Текущая страница: 4 (всего у книги 18 страниц)

Лизка неугомонная: «Ту-ту, поезд Москва – Париж, давай, деда, давай, папа, еще один круг!»

Смеркается. Слышны лишь шарканье роликов об асфальт да обрывки телевизора из распахнутых освещенных окон. Говоров переходит на шаг, у него дрожат губы. Он чувствует в своих ладонях тепло Лизкиных рук и понимает, что это счастливейший момент его жизни. Но уже другая картина неотвратимо вырисовывается в его воображении. Поезд, только другой поезд, Париж – Москва. Говоров едва успевает распихать в купе чемоданы, соскакивает на ходу из вагона, за стеклом последний раз мелькает Аленино лицо… Потом он приходит в квартиру девочек, которую надо отдавать хозяину и освобождать от мебели. Он помнит, как они с Аленой все покупали, а теперь все это надо распродать за гроши, да кто купит? Беспорядок, тарарам, дверцы шкафов распахнуты, на полу старые Лизкины рисунки. Но покинутая квартира еще наполнена воспоминаниями, еще звучит чуть картавый Лизкин голосок, кажется, откроется дверь, и прибежит Лизка с улицы, включит телевизор, чтоб смотреть свою любимую Доротею… И упадет Говоров на кровать, и уткнется в подушку. И с этого дня останутся ему считанные месяцы, ибо не выдержать ему потерю девочек, вторую разлуку с Аленой, невозможность ощущать в своих ладонях горячие Лизкины руки. Бог смилуется над Говоровым, подведет черту и перевернет страницу.

* * *

За двойной дверью, охраняемой двумя секретаршами, сидел бог Радио по имени мистер Пелл. Как и все служивые, он был надежно изолирован от всего земного, даже птицы телефонных звонков, то и дело врывающиеся в приемную, застревали в ушах секретарши и замертво, вместе с трубкой, падали на рычаг. К Пеллу могли прорваться лишь архангелы из конгресса (но они кружили слишком высоко, чтобы снизойти до Пелла) да ангелы смерти из подземелья отдела кадров. Пелл был велик тем, что никого не принимал. К нему приходили только по вызову, коим он удостаивал лишь избранных в адских кущах Радио. Свистящим шепотом в коридорах рассказывали историю бывшего директора русской службы Джина Горохова. Год тому назад Джин Горохов (естественно, давно уже заслуживший кличку «Шут гороховый») получил от Пелла записку – он уволен с должности. Джин, бледный, разом похудевший и приобретший даже какие-то черты интеллигентности, два дня изображал в приемной Пелла роденовского мыслителя, на обед не отлучался, однако в райские чертоги допущен не был и лик святейшего так и не смог улицезреть. Отправили беднягу на длительное поселение в Брюссель, в чистилище отдела статистики, где до сих пор Джин аккуратно подсчитывает месяцы, оставшиеся ему до пенсии.

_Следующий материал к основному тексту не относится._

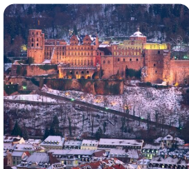
Heidelberg Visit Heidelberg

These are just a few of the very special hand selected experiences that will really make your touring experience exceptional and unique, and don't forget, with Albatross they are always included.
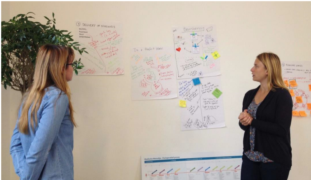
Figure 4: Sharing and discussing brainstorming ideas

living in a familiar world. In small teams of two participants each of these four issues were explored further by sharing knowledge. Conclusions were noted and shared.
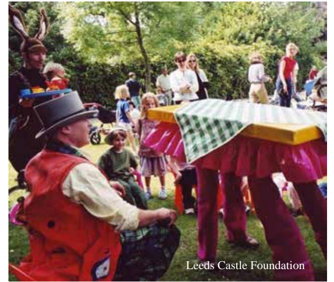
Leeds Castle Foundation

Lookout for the Caterpillar sitting on his shiny red mushroom although you will most likely hear him first, he does like to attract attention! Say hello to Tweedle Dum and Tweedle Dee , who will be wandering around being infuriating, ridiculous and
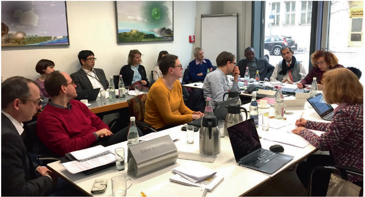
International Civil Society Expert Meeting 2019 in Berlin with the aim to consider joint lobbying strategies for the international meetings at the IMF, World Bank, UN and G20.
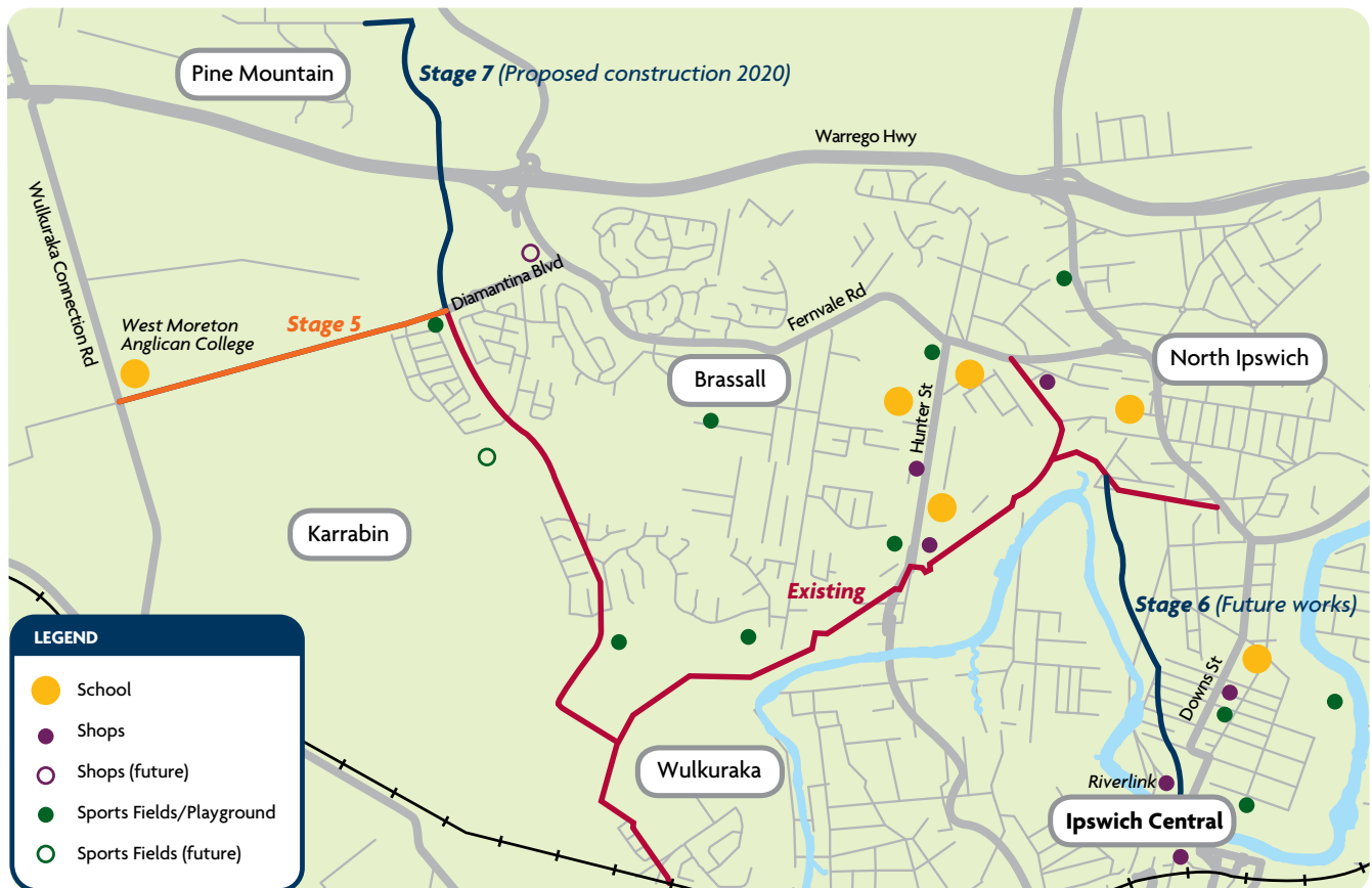
Brassall Bikeway Network

Access to the school from the the Keswick Road carpark will be maintained via one driveway entrance at all times. Changes to entry points will be signed as required. Any works outside the school will be undertaken during school holidays to minimise impacts to school traffic where possible.

В этот день, как обычно, Пелл утомленно парил над кучевыми облаками бумаг, плотно обложившими его стол. В некотором отдалении от стола, как два нашкодивших школьника, напряженно торчали на стульях Уин и Лот. Пелл рокотал, Уин и Лот опасливо втягивали головы в плечи. Тем смельчакам, что заглядывали в приемную, секретарши объясняли, что мистер Пелл занят – идет совещание по вопросам экономии бюджета.

– Почему вы мне подсовываете дело Говорова? – ронял с небес Пелл. – Что это за коллективное письмо? На то вы директора, чтоб регулировать подобные проблемы. Надеюсь, никто в знак протеста не уходит с Радио? Впрочем, жалко, нам бы не мешало сократить еще несколько штатных единиц. На звонок из Вашингтона не обращайте внимания. Говорите, что мы ищем решение. В Вашингтоне жара, подходит время летних отпусков. Через месяц они забудут про этого парня.

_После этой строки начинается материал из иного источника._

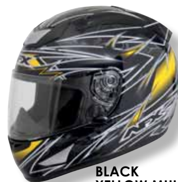
BLACK YELLOW MULTI
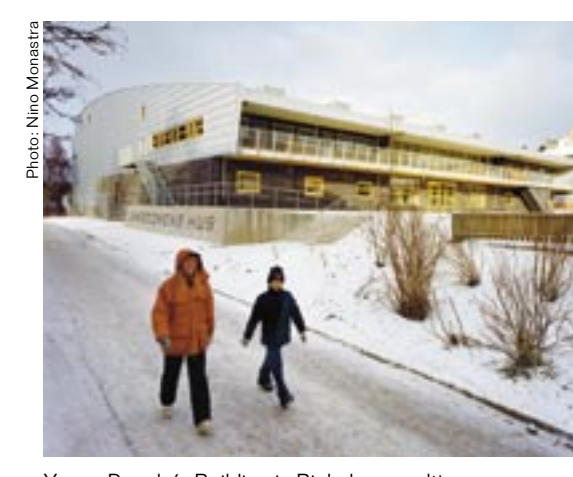
Young People's Building in Rinkeby, a multicultural suburb to Stockholm, Sweden. Architects: Anders Bergcrantz, Bergcrantz Arkitekter AB. Nominated to the Kasper Salin prize 1999.

European architectural policies must bridge the gaps that arise between existing perceptions of the built environment and the reality of present day structures. In an enlarged Europe, the need for common guidelines for the quality of the built environment will further increase. From the metropolitan conurbations around large cities such as Paris, London, Milan or Warsaw to the thinly populated countryside on its periphery, the European Union must deal with an enormous range of questions in relation to spatial development
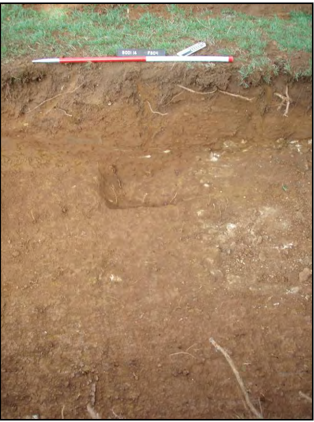
Figure 4- NW facing view of linear F.304 (Scale 1 x 1m)
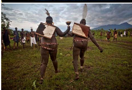
Fat Man Competition, Ethiopia.
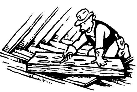
IF YOU INSTALL ADDITIONAL INSULATION, IT SHOLD BE UNFACED—OR USE A KNIFE TO FREELY SLASH THE VAPOR-BARRIER TYPE

insulation. Or you can purchase batt insulation with a kraft paper or foil vapor barrier attached. Be sure to install this type of vapor barrier closest to your living space.
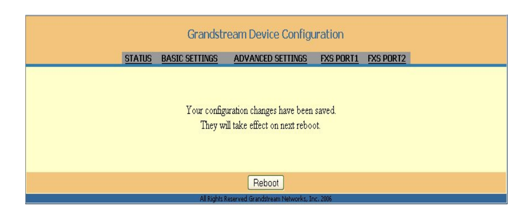
FIGURE 5: SCREENSHOT OF SAVE CONFIGURATION PAGE

After making a change, click the "Update" button in the Configuration page. The HT–496 will display the following screen to confirming changes. Reboot or power cycle the HT–496 to enable the changes.
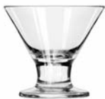
Sorbet No. 3801 ■ 2¾ oz./8.1 cl./81 ml. H2¾ T3½ B2½ D3½ 2 doz./8# • .59 cu.ft. SCC 387738 TRAEX TR-12H □
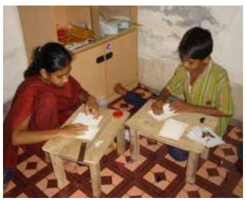
Vocational skill training
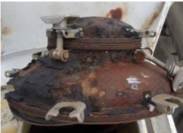
(Above) Manway lid showing corroded rubber lining, due to HCl exposure. (Below) Manway lid and surrounding spill area properly protected with ChemLine® coating.

Other drawbacks to rubber linings are 1) they are costly to install and must be applied only under ideal conditions;
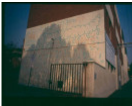
h02055 haring mural 1
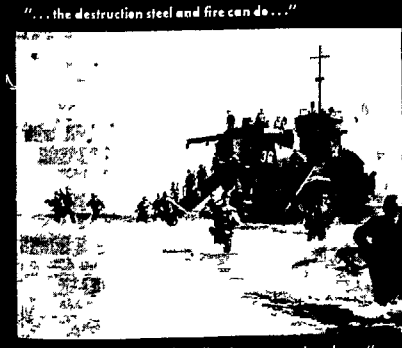
... the destruction steel and fire can do ...
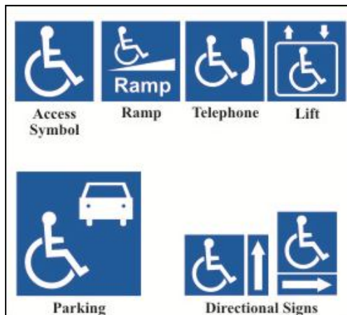
Fig. 13.1 - Way finding signage

– Есть письмо Аксенова, – подал голос Уин.

– Кто такой Аксенов? – громыхнул Пелл.

– Известный писатель, живет в Вашингтоне.

– Вы заметили, – рассердился Пелл, – что все русские – писатели. Хоть бы один был говновозом.

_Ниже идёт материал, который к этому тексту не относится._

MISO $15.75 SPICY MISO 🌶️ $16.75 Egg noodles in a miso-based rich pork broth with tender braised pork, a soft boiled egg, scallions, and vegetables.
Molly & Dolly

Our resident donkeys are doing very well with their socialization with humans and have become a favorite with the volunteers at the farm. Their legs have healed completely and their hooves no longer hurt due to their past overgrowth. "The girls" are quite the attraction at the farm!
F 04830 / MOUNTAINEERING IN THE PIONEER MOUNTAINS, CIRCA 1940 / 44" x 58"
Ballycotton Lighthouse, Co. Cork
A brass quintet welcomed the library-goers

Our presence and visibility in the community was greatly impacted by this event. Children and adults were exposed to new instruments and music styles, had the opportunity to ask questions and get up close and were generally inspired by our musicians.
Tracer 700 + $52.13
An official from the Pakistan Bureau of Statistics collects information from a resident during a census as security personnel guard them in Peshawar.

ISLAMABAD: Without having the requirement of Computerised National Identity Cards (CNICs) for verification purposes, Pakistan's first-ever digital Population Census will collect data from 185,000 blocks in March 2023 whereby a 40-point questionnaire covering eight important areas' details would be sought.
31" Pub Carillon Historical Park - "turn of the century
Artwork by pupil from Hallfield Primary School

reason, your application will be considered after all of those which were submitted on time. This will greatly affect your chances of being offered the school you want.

Уин хихикнул, но Лот вдруг заартачился:

– У Аксенова связи.

Пелл возвел руки к потолку:

– Как мне надоели эти русские! Когда мы наконец от них избавимся? Ладно, ответьте Аксенову. Сошлитесь на французский закон. Дескать, мы бы и рады найти компромисс, но французский закон нам этого не позволяет. И если у Аксенова связи, пусть подыщет Говорову работу в Америке. С Говоровым все? О’кей, подвели черту, закрыли дело. И чтоб больше я этой фамилии не слышал. А теперь вернемся к бюджету. В вашем фонде для командировок осталось около ста тысяч долларов. Если вы не израсходуете эти деньги до октября, конгресс их срежет.

– Но ведь был приказ об экономии, – заикнулся Уин, а Лот пошел дальше:

– Нельзя одной рукой увольнять, а второй посылать журналистов в командировки. Или нет на Радио денег, или они есть. – Потом, словно испугавшись собственной отваги, поспешно добавил: – Я-то понимаю, что это другие деньги, но в редакциях не поймут.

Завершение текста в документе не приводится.